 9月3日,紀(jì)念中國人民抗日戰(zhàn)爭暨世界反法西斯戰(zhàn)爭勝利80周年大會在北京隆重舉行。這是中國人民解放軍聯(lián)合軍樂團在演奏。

::::::::

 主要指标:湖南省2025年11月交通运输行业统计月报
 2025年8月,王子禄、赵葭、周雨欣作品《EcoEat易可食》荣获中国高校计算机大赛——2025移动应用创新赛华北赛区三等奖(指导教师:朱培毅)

::::::::

THE TASK:
From the line containing "主要指标:湖南省2025年11月交通运输行业统计月报" down to the line containing "2025年8月,王子禄、赵葭" in the material above, reproduce every line exactly, including the two end lines.

SOLUTION FOR THIS PROBLEM:
 主要指标:湖南省2025年11月交通运输行业统计月报
 2025年8月,王子禄、赵葭、周雨欣作品《EcoEat易可食》荣获中国高校计算机大赛——2025移动应用创新赛华北赛区三等奖(指导教师:朱培毅)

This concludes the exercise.